-- RECORDS SHOWN follows --

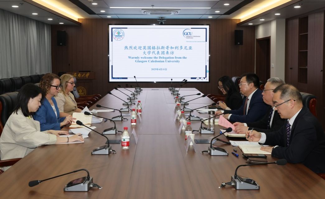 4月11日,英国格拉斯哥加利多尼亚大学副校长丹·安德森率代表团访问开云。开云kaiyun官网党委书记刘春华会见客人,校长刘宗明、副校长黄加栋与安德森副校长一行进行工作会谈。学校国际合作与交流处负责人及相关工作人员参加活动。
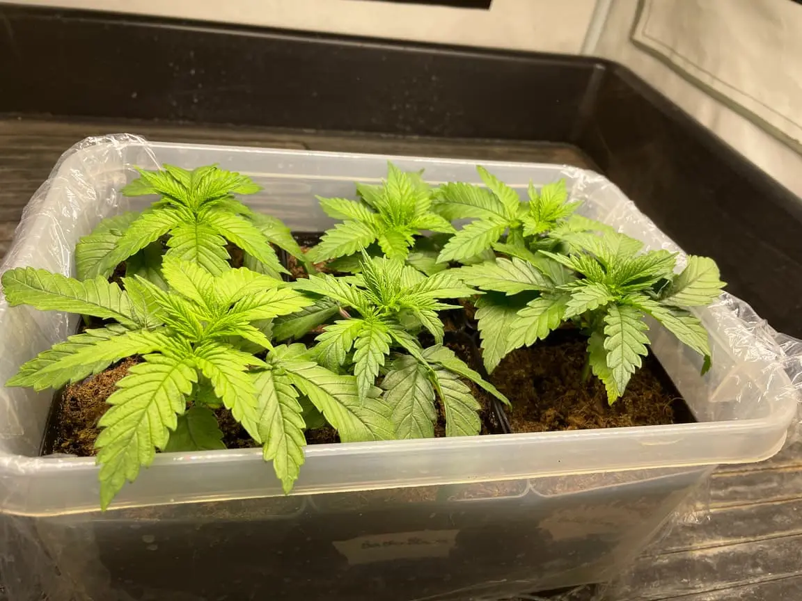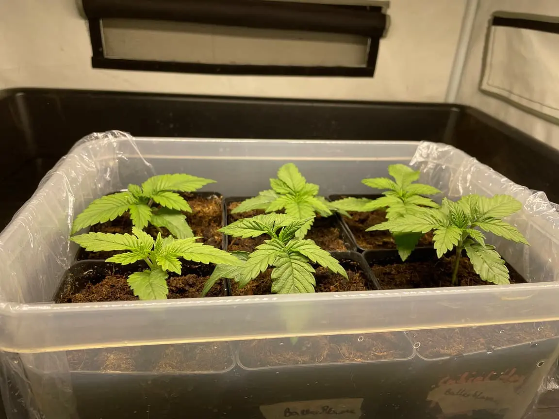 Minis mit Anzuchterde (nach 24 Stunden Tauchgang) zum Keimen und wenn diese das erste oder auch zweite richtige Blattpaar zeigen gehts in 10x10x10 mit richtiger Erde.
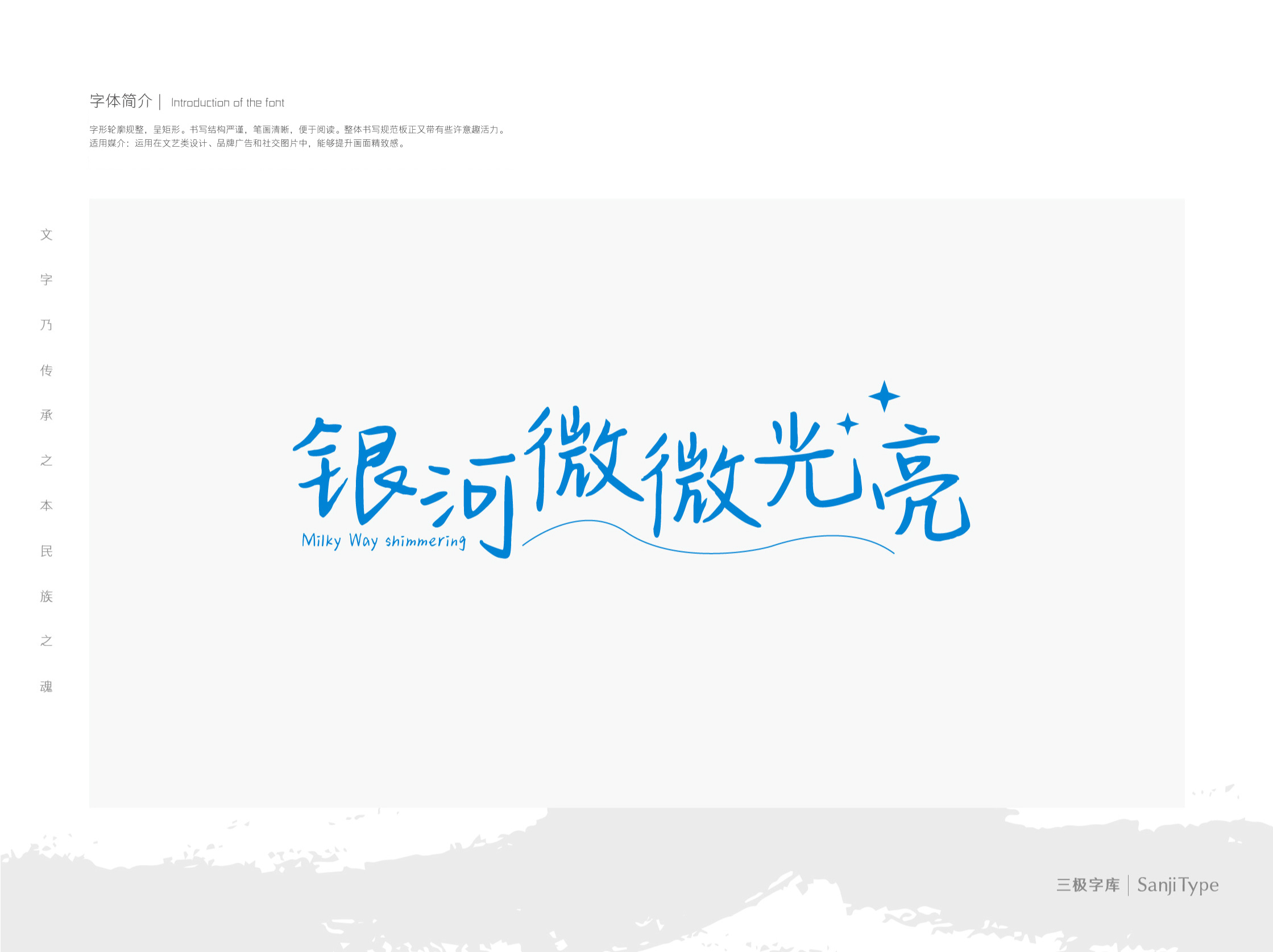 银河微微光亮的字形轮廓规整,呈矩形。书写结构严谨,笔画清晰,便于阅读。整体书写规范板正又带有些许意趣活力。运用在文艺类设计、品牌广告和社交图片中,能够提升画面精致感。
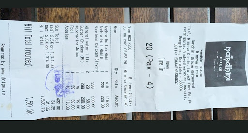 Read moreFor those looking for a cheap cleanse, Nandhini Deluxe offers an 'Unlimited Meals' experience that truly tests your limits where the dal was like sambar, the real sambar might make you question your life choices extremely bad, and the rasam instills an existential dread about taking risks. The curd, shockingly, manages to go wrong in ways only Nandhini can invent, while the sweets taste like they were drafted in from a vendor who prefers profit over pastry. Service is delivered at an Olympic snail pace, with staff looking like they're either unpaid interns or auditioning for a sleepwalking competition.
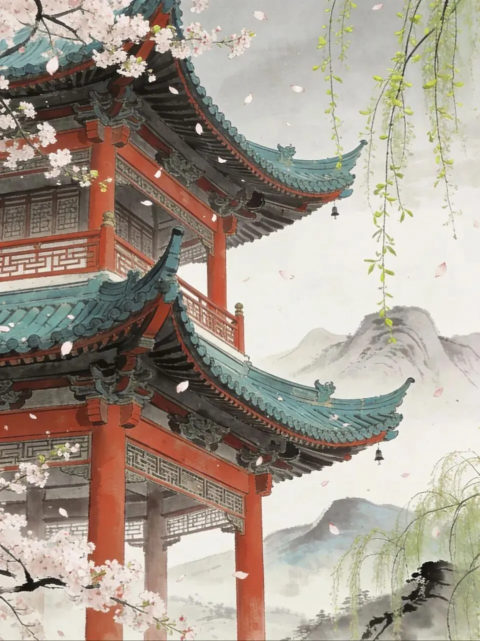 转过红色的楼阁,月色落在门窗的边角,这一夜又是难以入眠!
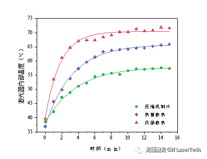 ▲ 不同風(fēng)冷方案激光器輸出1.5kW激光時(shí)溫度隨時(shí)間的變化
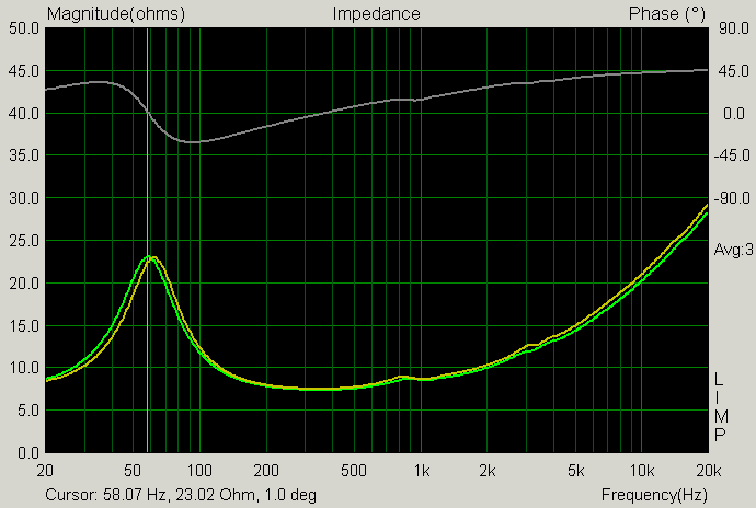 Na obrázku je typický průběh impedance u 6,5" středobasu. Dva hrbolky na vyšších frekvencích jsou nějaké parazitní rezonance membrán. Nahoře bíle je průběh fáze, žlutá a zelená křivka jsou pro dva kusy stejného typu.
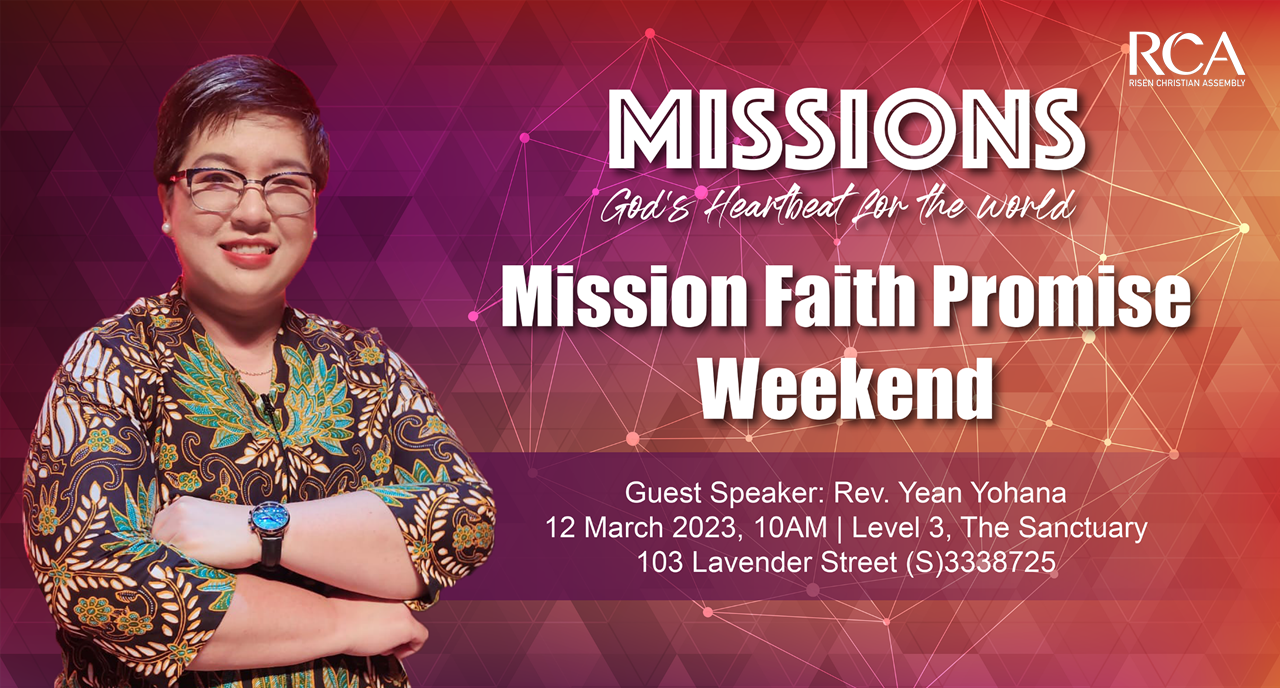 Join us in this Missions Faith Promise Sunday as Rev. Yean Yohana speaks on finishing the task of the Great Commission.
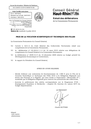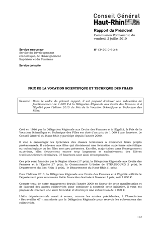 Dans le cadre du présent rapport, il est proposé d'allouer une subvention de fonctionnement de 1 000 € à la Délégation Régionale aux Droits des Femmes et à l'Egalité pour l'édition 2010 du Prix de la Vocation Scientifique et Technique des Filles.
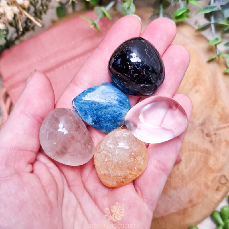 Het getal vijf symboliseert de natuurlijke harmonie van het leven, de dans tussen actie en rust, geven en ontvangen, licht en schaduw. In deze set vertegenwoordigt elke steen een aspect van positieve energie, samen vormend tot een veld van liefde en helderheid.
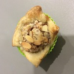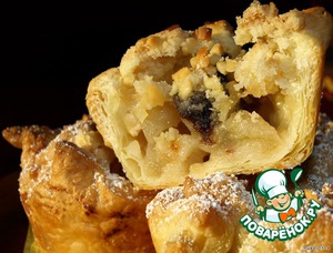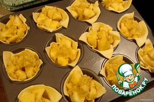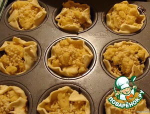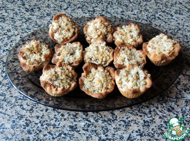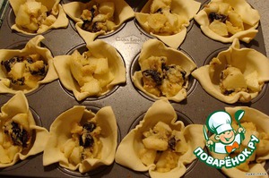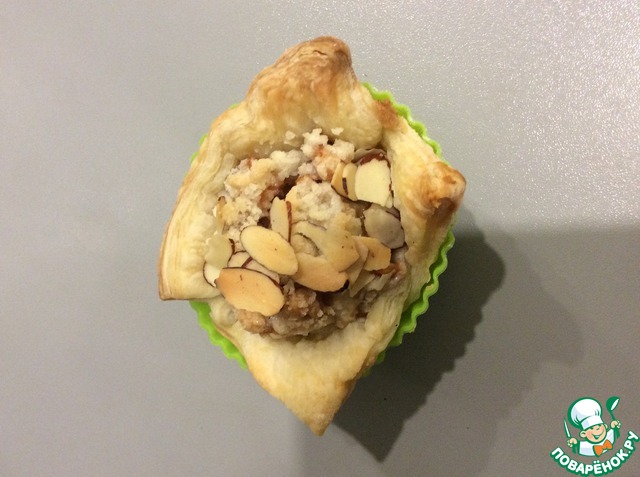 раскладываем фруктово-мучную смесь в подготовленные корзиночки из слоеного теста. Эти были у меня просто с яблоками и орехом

-- RECORDS SHOWN concluded --

GOAL OF THE EXERCISE —
Each record, word for word, should be printed again without its pictures.

SOLUTION FOR THIS EXERCISE —
 4月11日,英国格拉斯哥加利多尼亚大学副校长丹·安德森率代表团访问开云。开云kaiyun官网党委书记刘春华会见客人,校长刘宗明、副校长黄加栋与安德森副校长一行进行工作会谈。学校国际合作与交流处负责人及相关工作人员参加活动。
 Minis mit Anzuchterde (nach 24 Stunden Tauchgang) zum Keimen und wenn diese das erste oder auch zweite richtige Blattpaar zeigen gehts in 10x10x10 mit richtiger Erde.
 银河微微光亮的字形轮廓规整,呈矩形。书写结构严谨,笔画清晰,便于阅读。整体书写规范板正又带有些许意趣活力。运用在文艺类设计、品牌广告和社交图片中,能够提升画面精致感。
 Read moreFor those looking for a cheap cleanse, Nandhini Deluxe offers an 'Unlimited Meals' experience that truly tests your limits where the dal was like sambar, the real sambar might make you question your life choices extremely bad, and the rasam instills an existential dread about taking risks. The curd, shockingly, manages to go wrong in ways only Nandhini can invent, while the sweets taste like they were drafted in from a vendor who prefers profit over pastry. Service is delivered at an Olympic snail pace, with staff looking like they're either unpaid interns or auditioning for a sleepwalking competition.
 转过红色的楼阁,月色落在门窗的边角,这一夜又是难以入眠!
 ▲ 不同風(fēng)冷方案激光器輸出1.5kW激光時(shí)溫度隨時(shí)間的變化
 Na obrázku je typický průběh impedance u 6,5" středobasu. Dva hrbolky na vyšších frekvencích jsou nějaké parazitní rezonance membrán. Nahoře bíle je průběh fáze, žlutá a zelená křivka jsou pro dva kusy stejného typu.
 Join us in this Missions Faith Promise Sunday as Rev. Yean Yohana speaks on finishing the task of the Great Commission.
 Dans le cadre du présent rapport, il est proposé d'allouer une subvention de fonctionnement de 1 000 € à la Délégation Régionale aux Droits des Femmes et à l'Egalité pour l'édition 2010 du Prix de la Vocation Scientifique et Technique des Filles.
 Het getal vijf symboliseert de natuurlijke harmonie van het leven, de dans tussen actie en rust, geven en ontvangen, licht en schaduw. In deze set vertegenwoordigt elke steen een aspect van positieve energie, samen vormend tot een veld van liefde en helderheid.
 раскладываем фруктово-мучную смесь в подготовленные корзиночки из слоеного теста. Эти были у меня просто с яблоками и орехом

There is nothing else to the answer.